Many people make a mistake when participating for the first time: they use a weather app on their phone to bet on the highest temperature. However, the app displays the temperature in downtown Shanghai, while Polymarket uses the actual measured data from Shanghai Pudong Airport (ZSPD weather station) for settlement. This data is publicly available through Wunderground, an American weather platform. PM directly reads the records on WU as the basis for settlement.
Two locations, two figures. Pudong Airport is located on the east side of the city, adjacent to the mouth of the Yangtze River. Influenced by sea breezes, its temperature is usually lower than that of the city center.

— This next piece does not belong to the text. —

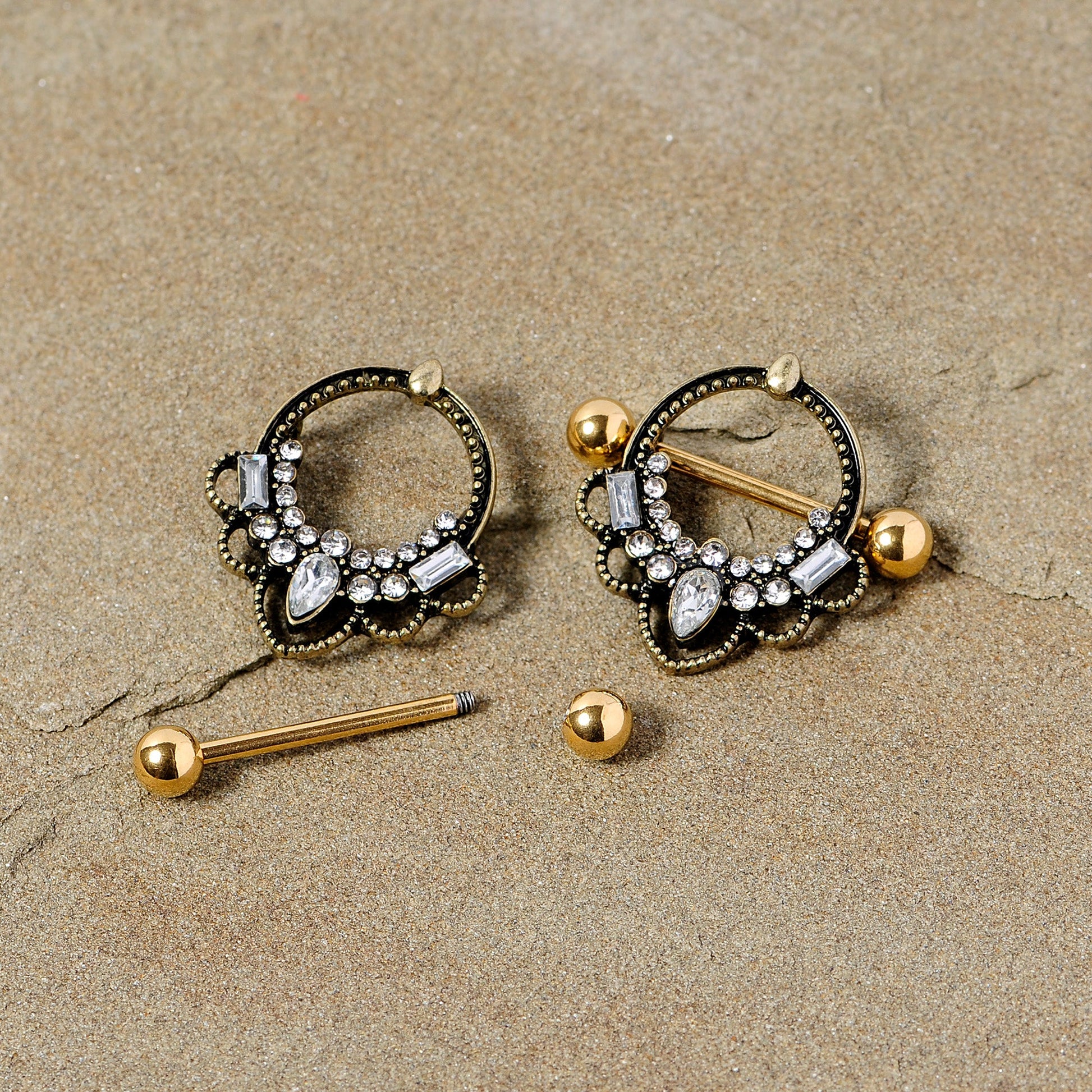 14 Gauge 5/8 Clear Gem Gold Tone Filigree Nipple Shield Set

This difference is not usually noticeable, but at the critical juncture of a bet, it can be the difference between betting correctly and betting incorrectly.
That's why you see this kind of confusion in the weather market comments section: "It feels warmer today than yesterday, so why is the displayed high temperature lower?"
2. The numbers are correct, but the unit is not what you expect.
WU's data comes directly from the hourly METAR reports (a weather telegram format used in global civil aviation) submitted by the airport.
Here's a detail: METAR records Fahrenheit integers, while WU directly displays the number without conversion or correction.
Most weather forecasting systems and meteorological models output temperatures with decimal points. The more precise your model's calculations, the easier it is to overlook this coarsest detail.
3. Shanghai Temperature Pattern
After analyzing nearly 1900 days of data from the ZSPD station, it was found that the periods of highest temperatures in Shanghai were more concentrated than expected:
All four seasons are highly concentrated between 11:00 and 13:00.
The concentration is highest at 12:00 in summer, accounting for 27.6% of the total for the entire season in a single hour.
The peak time in autumn is slightly earlier, with 10:00 being one of the high-frequency times.
Knowing the patterns is the first step, but patterns don't operate on their own. It's about knowing when the daily high temperature will occur, whether it has been surpassed, and how far it is from reaching its target.
So I built this system: before each day's settlement, it predicts as accurately as possible which Celsius level the day's highest temperature will fall.

Two out of five methods, three of which worked.
Once the market rules are clear, the next question is: how do we predict the day's highest temperature?
As a complete novice in meteorology, my first step was to ask ChatGPT: how exactly does the meteorological industry calculate the day's highest temperature, and what are some established methods? ChatGPT provided a theoretical framework, and Claude translated that framework into code. Working together, the two AIs got the system up and running in a weekend.
I tried five methods in total, but only three of them worked.
It ran successfully:
1️⃣ Integrated forecast of WC + ECMWF
Predicting the highest temperature first requires data. Two sources were used:
Weather Company (WC) is a commercial weather API that provides highly accurate hourly forecast data.
ECMWF is the European Centre for Medium-Range Weather Forecasts' global weather model, which is more sensitive to large-scale weather systems.
Both sources have their advantages and disadvantages, so they are weighted and voted on. The weights are dynamically adjusted based on the weather type of the day: WC is more reliable on sunny days, while ECMWF is more reliable on cloudy days with high wind speeds.
2️⃣ Real-time correction: Calculate peak values using temperature rise data
The forecast was calculated last night, but the weather has been changing all day. So what this module does is: use the actual measurement data that has already occurred this morning to estimate the highest possible temperature today.
The logic isn't complicated. We discovered that Shanghai's temperature rises fastest between 8 and 9 AM. After obtaining the measured temperature at this time, the system checks historical data: how many degrees Celsius it could rise on average at the same time and season in the past.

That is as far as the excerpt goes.